The figure shows the pruned decision tree (3 split nodes) for cluster membership. Each node represents a decision point with branches to the outcomes “Alpha” and “Beta.” The leaves represent the final classification with the absolute numbers of each cluster within that leaf. Under the leaf is reported the splitting criterion. The color of the leaf indicates the most represented cluster: green for “Alpha” and orange for “Beta.”

4 Discussion

To the best of our knowledge, CCI, SAPS II, and SOFA scores were individually evaluated as prognostic tools within the population requiring ICU admission, and studies have been conducted to establish the best predictive value about complications onset and mortality [18, 19].

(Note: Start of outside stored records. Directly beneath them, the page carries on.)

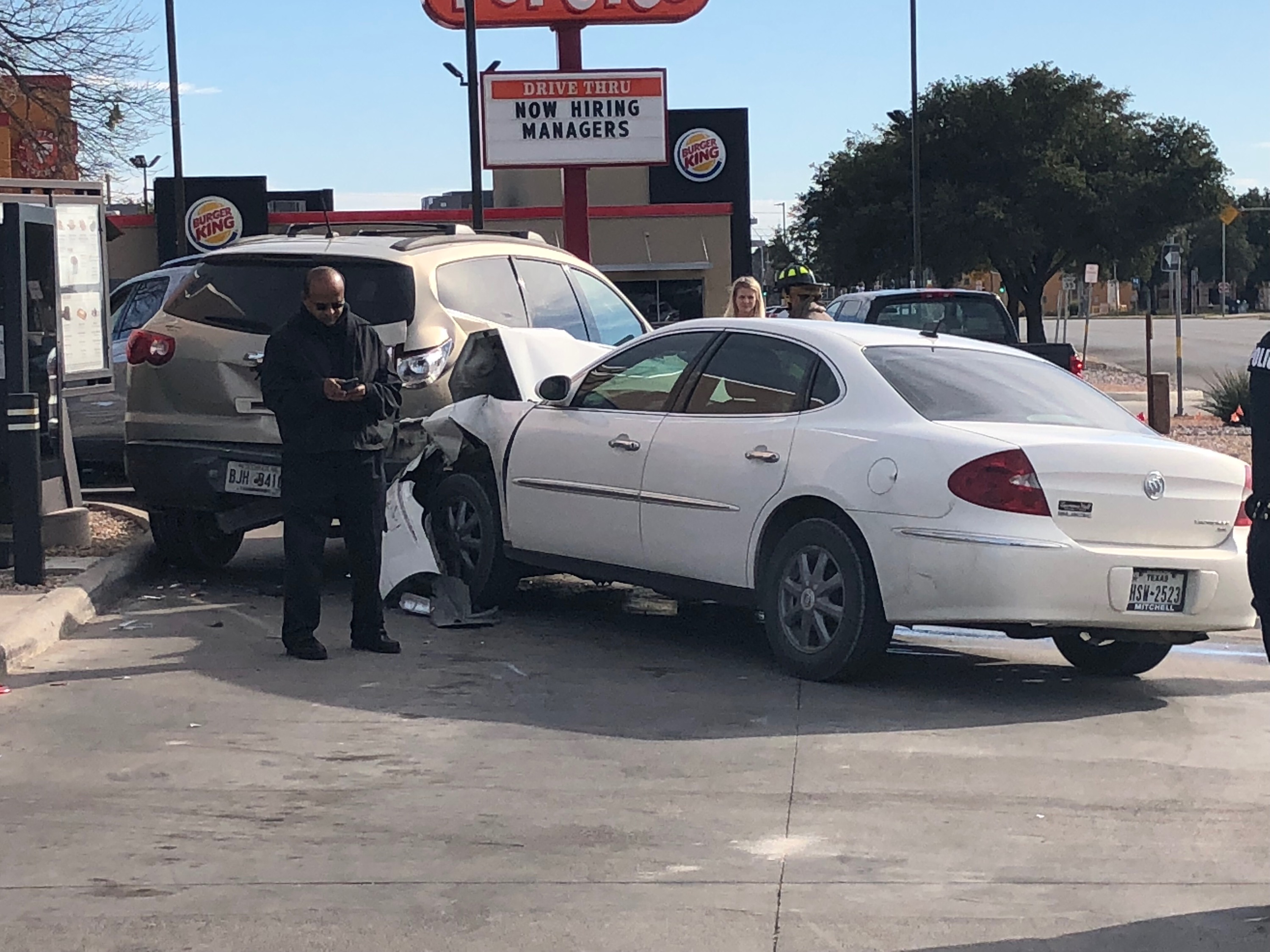 Officers on the scene say no one was injured. The Buick crashed into a tan Chevy SUV which then crashed into a GMC Acadia.
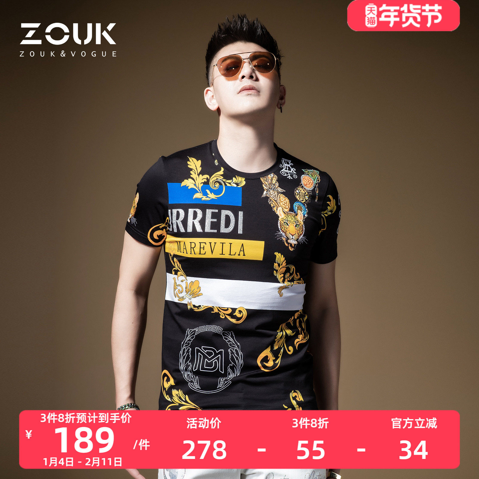 ZOUK欧货男装高端t恤男短袖潮牌太阳花人印花烫钻男士休闲上衣夏
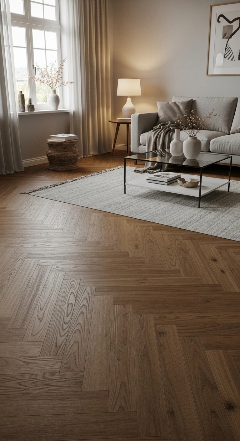 Herringbone flooring adds movement and personality without using bold colors. The zigzag pattern naturally draws the eye across the room, making even a small living area feel more dynamic. Choose medium-toned wood like walnut or smoked oak to highlight the pattern without making it too busy.
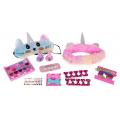 Gazdagon felszerelt sminkkészlet 5 éves kortól gyermekek számára. A kozmetikumok könnyen moshatók és biztonságosak a gyermekek bőrére. A készlet számos kiegészítőt tartalmaz, amelyek biztosan minden fiatal hölgyet elragadtatnak. A készlettel való játék serkenti a kreativitást, fejleszti az érzékeket és formálja az esztétika és a szépség érzékét.
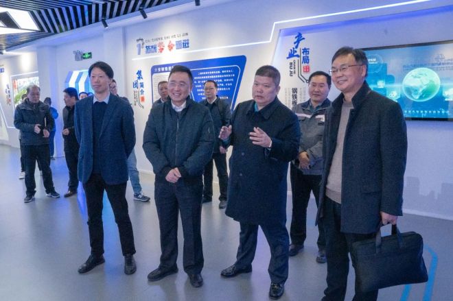 期間,王鐵成一行在智能管控中心聽取了項目電子沙盤講解,參觀了生產調度指揮中心、環保管控平台、智慧展廳以及“紅色熔爐”愛國主義教育基地,詳細了解了企業生產建設、項目規劃、發展曆程及黨建文化建設等內容。
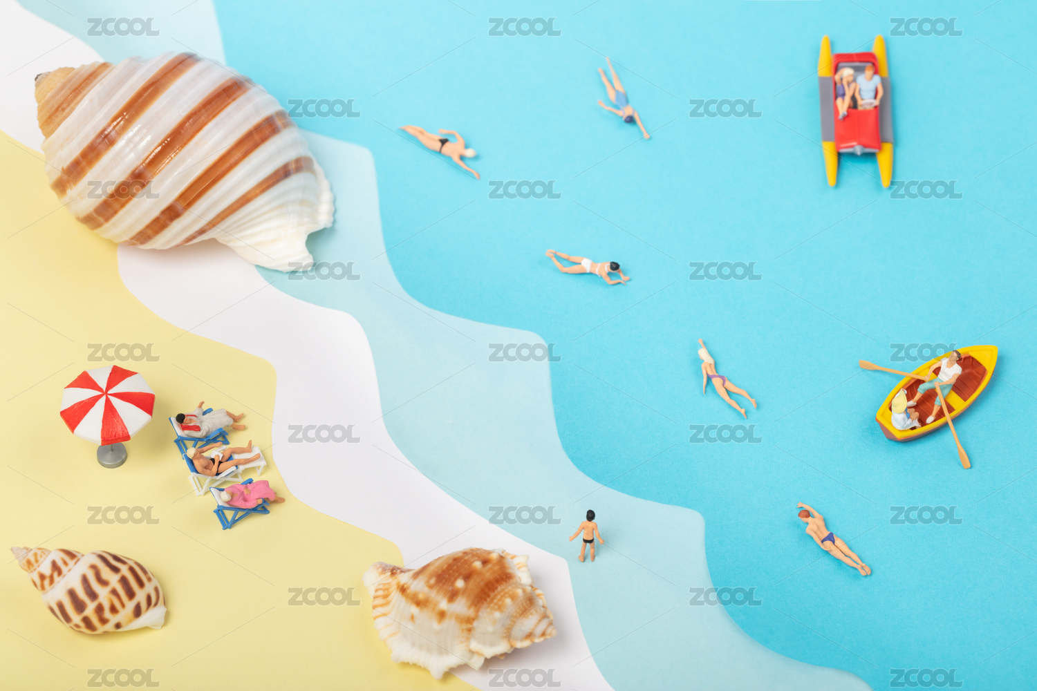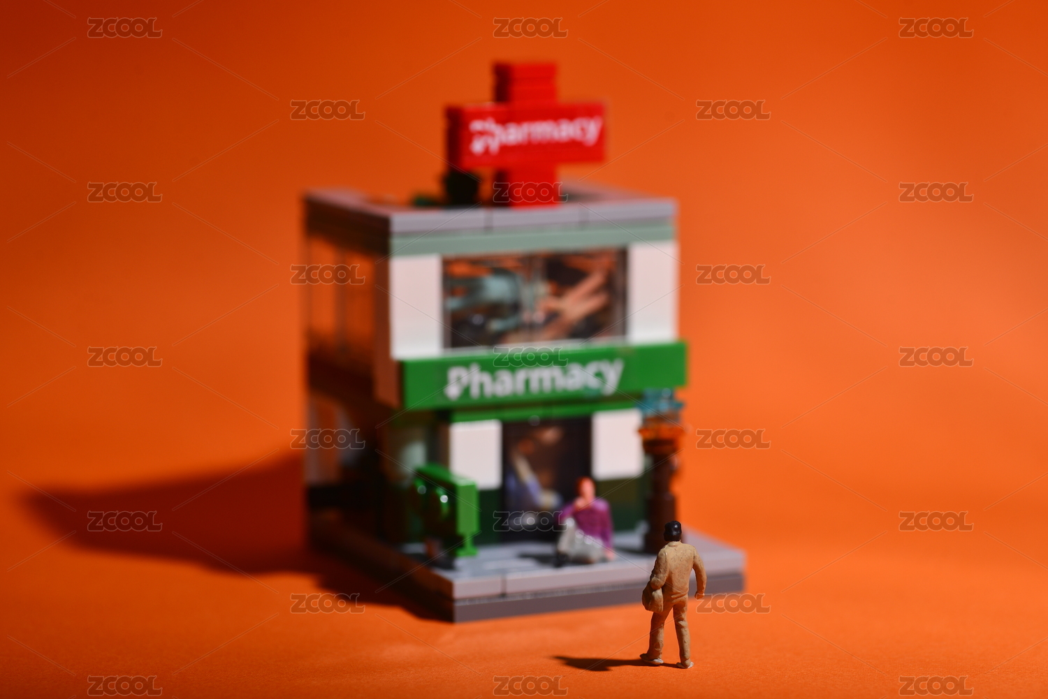 微缩场景脱发梳子上掉落的头发和清理的小人

However, single scores were validated in defined clinical settings according to different outcomes and observational periods. The CCI (0–33 scale points) was initially developed to predict 1-year mortality in a mixed population of internal medicine patients using comorbidity derived from chart review and consists of 19 selected conditions [1]. The SAPS II (0–163 scale points) is a severity score and has become one of the European ICU’s most widely used scoring systems. It is based on the worst values measured on 17 variables during the initial 24 h of ICU stay, with a higher score indicating a more severe illness [2]. SOFA (0–24 scale points) focuses on six organ systems (respiratory, cardiovascular, hepatic, coagulation, renal, and neurological). Each system is scored from 0 to 4 based on the degree of dysfunction or failure, with higher scores indicating more severe organ impairment. This tool is widely used in the ICU to predict patient outcomes, guide therapeutic decisions, and evaluate the effectiveness of interventions, especially in the context of sepsis [3].

ML based on CA and CART provides useful clinical information, overcoming the limits of a classic approach based on a single score. The primary study’s finding was that a combination of CCI + SAPS II and CCI + SOFA allowed the identification of patient clusters characterized by different mortality risks. In detail, belonging to cluster B/β represented an independent risk factor for mortality and shorter survival times when compared to cluster A/α. Moreover, clustered models improved the mortality prediction ability, such as suggested by moderate accuracy AUC, when compared to the no-clustered model (poor accuracy).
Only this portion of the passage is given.